FLORIDA - ACQUIRED IMMUNODEFICIENCY SYNDROME (AIDS) AND HUMAN IMMUNODEFICIENCY VIRUS (HIV)

January 1, 2008

Florida state laws and regulations that affect your medical practice

1. What sort of consent is required for HIV testing?

No person shall order a test without first obtaining the informed consent of the person being tested. The person must be advised that a positive HIV result will be reported to the county health department with sufficient information to identify the test subject and on the availability and location of sites at which anonymous testing is performed.

Informed consent is not required when testing for sexually transmissible diseases is required by state or federal law for the following situations: testing persons convicted of prosecution or of procuring another to commit prostitution; testing of inmates prior to their release from prison; testing by a medical examiner; testing of pregnant women; and testing of blood, plasma, organs, skin, semen, or other human tissue for medical use; and bona fide medical emergencies or acute illness where the patient is unable to consent.

2. Must consent be obtained from the parents of a minor?

The consent of the parents or guardians of a minor is not a prerequisite for an examination or treatment for HIV/AIDS. The fact of consultation, examination and treatment of a minor for a sexually transmissible disease is confidential and shall not be divulged in any direct or indirect manner, such as sending a bill for services rendered to a parent or guardian.

F.S.A. § 384-30

3. How should a physician notify the test subject of his/her test results and what other information should be provided?

The physician must ensure that all reasonable efforts are made to notify the patient of his/her test result. Notification of a person with a positive test result shall include information on the availability of appropriate medical and support services, on the importance of notifying partners who may have been exposed, and on preventing transmission of HIV. Notification of a person with a negative test result shall include, as appropriate, information on preventing the transmission of HIV.

F.S.A. § 381.004

4. What are the reporting requirements for HIV-positive test results?

Each person who makes a diagnosis of or treats a person with a sexually transmissible disease including HIV or AIDS shall report such facts to the Department of Health within a period of time not to exceed 2 weeks. The method of reporting must ensure the confidentiality of persons infected with HIV. Any newborn or infant up to 18 months of age who has been exposed to HIV must be reported. The reporting may not relate to anonymous HIV testing programs.

F.S.A. 384.25

5. May physicians test patients for HIV or AIDS anonymously?

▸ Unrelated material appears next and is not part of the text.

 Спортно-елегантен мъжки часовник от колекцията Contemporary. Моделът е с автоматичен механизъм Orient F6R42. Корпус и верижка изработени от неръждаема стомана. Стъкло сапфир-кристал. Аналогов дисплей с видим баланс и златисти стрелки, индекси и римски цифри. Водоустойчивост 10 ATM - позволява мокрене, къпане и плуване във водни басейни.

Physicians may direct patients who want to remain anonymous to facilities that are designated by the Department of Health to do anonymous testing.

F.S.A. 381.004

6. Must a physician inform a patient of the physician's own HIV infection or AIDS condition?

The courts are still attempting to define the rights of health care workers with HIV, especially those who perform invasive procedures. In New Jersey, the Superior Court held in Estate of William Behringer, M.D. v. The Medical Center at Princeton, 249 N.J. Super. 597 (Law Div. 1991), that an HIV-infected physician must disclose his or her HIV status to patients, in keeping with the commitment of New Jersey courts to the concept of informed consent. The New Jersey court's disclosure requirement seems to apply to all physicians, regardless of specialty or whether any invasive or exposure-prone procedures will be performed.

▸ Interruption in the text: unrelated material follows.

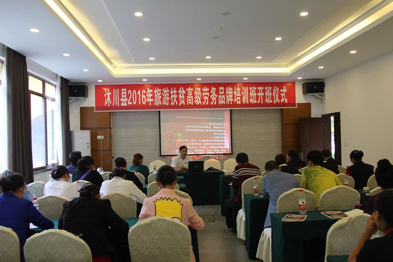 2016年9月6日,由BV伟德官方网站旅游系举办,沐川县旅游局协办的“沐川县2016年旅游扶贫高级劳务品牌培训班开班仪式”在沐川县沐府休闲度假山庄会议厅隆重举行。BV伟德官方网站党委书记蹇路,沐川县委常委、副县长李代敏、乐山市人社局副调研员童贵华等领导出席了开班仪式,来自全县各餐饮服务行业的35名贫困从业人员参加了此次培训。

Similarly, in Doe v. University of Maryland Medical System Corporation, 50 F. 3d 1261 (1995), the U.S. Court of Appeals, Fourth Circuit held that an HIV positive surgeon could not allege violations of the Americans with Disabilities Act (ADA) for his suspension from surgical duties because he posed a significant risk to patients through percutaenous injury that could not be eliminated by reasonable accommodation.

Since this area of law is unsettled, an HIV-positive health care worker should always consult with his/her attorney with any questions as to his/her rights.